# Records shown
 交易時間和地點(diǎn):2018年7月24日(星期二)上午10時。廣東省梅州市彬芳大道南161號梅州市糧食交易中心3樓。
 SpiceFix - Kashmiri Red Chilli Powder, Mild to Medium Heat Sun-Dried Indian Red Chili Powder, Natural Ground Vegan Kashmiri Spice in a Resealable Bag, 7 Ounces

==

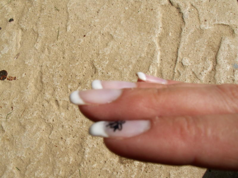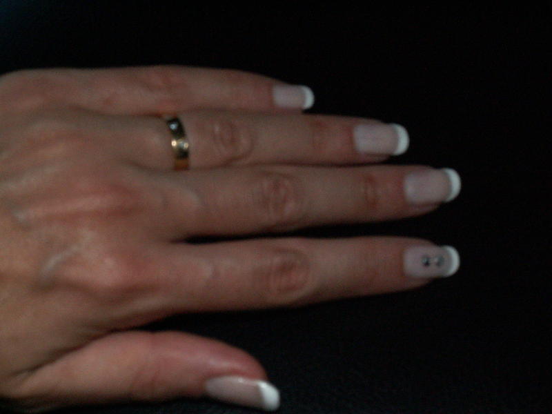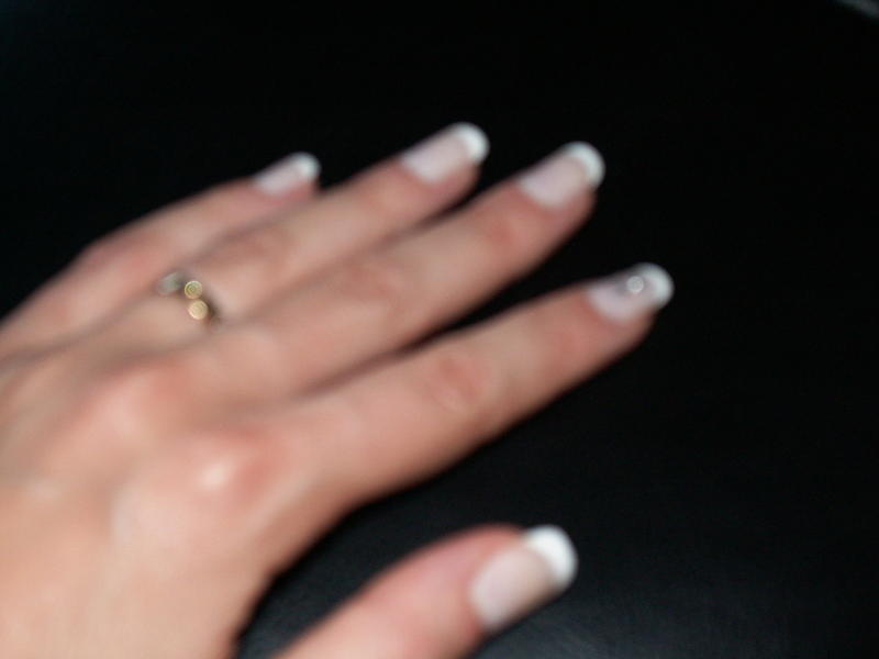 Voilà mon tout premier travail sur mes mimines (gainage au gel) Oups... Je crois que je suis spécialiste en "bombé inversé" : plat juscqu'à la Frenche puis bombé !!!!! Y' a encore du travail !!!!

# Required work
Find where the line with "交易時間和地點(diǎn):2018年7" sits in the material above, then copy exactly from it through the line with "SpiceFix - Kashmiri". Add no other line.

# Written solution
 交易時間和地點(diǎn):2018年7月24日(星期二)上午10時。廣東省梅州市彬芳大道南161號梅州市糧食交易中心3樓。
 SpiceFix - Kashmiri Red Chilli Powder, Mild to Medium Heat Sun-Dried Indian Red Chili Powder, Natural Ground Vegan Kashmiri Spice in a Resealable Bag, 7 Ounces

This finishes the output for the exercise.